LONDON (Reuters) -In late September, an experienced pilot at low-cost European airline Wizz Air felt anxious after learning his plane would fly over Iraq at night amid mounting tensions between nearby Iran and Israel.

He decided to query the decision since just a week earlier the airline had deemed the route unsafe. In response, Wizz Air's flight operations team told him the airway was now considered secure and he had to fly it, without giving further explanation, the pilot said.

"I wasn't really happy with it," the pilot, who requested anonymity from fear he could lose his job, told Reuters.
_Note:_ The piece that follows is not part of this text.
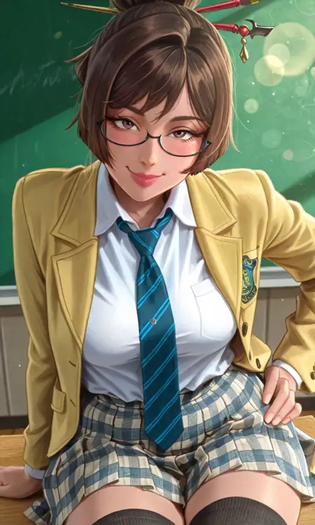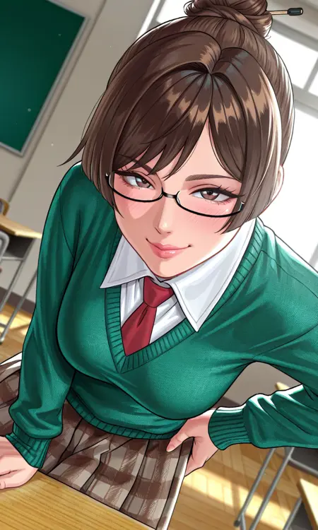 takoark, 黑发, 发髻, 单马尾发髻, 棕发, 眼镜, 半框眼镜, 黑框眼镜, 下框眼镜, 中等胸围, 校服, 毛衣, 绿色毛衣, 长袖, 红色领带, 白色衬衫, 有领衬衫, 百褶裙, 裙子, 格子裙,
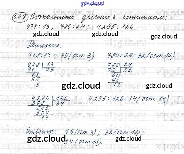 Ответ на задание 599 Учебник Математика за 5 (пятый) класс Виленкин, Жохов, Чесноков, Шварцбурд 2013

Days later, Iraq closed its airspace when Iran fired missiles on Oct. 1 at Israel. "It confirmed my suspicion that it wasn't safe."

In response to Reuters' queries, Wizz Air said safety of crew and passengers was its utmost priority and would not be compromised "in any circumstances", adding its decisions on where to fly are based on stringent risk assessments in collaboration with third party intelligence specialists.

"Our aircraft and crews will only fly in airspace that has been deemed safe and we would never take any risks in this respect," Wizz Air also said in a statement.

Reuters spoke to four pilots, three cabin crew members, three flight security experts and two airline executives about growing safety concerns in the European air industry due to escalating tensions in the Middle East following Hamas' attack on Israel in October 2023, that prompted the war in Gaza.

The Middle East is a key air corridor for planes heading to India, South-East Asia and Australia and last year was criss-crossed daily by 1,400 flights to and from Europe, Eurocontrol data show.

The safety debate about flying over the region is playing out in Europe largely because pilots there are protected by unions, unlike other parts of the world.

Reuters reviewed nine unpublished letters from four European unions representing pilots and crews that expressed worries about air safety over Middle Eastern countries. The letters were sent to Wizz Air, Ryanair, airBaltic, the European Commission and the European Union Aviation Safety Agency (EASA) between June and August.

"No one should be forced to work in such a hazardous environment and no commercial interests should outweigh the safety and well-being of those on board," read a letter, addressed to EASA and the European Commission from Romanian flight crew union FPU Romania, dated Aug. 26.

In other letters, staff called on airlines to be more transparent about their decisions on routes and demanded the right to refuse to fly a dangerous route.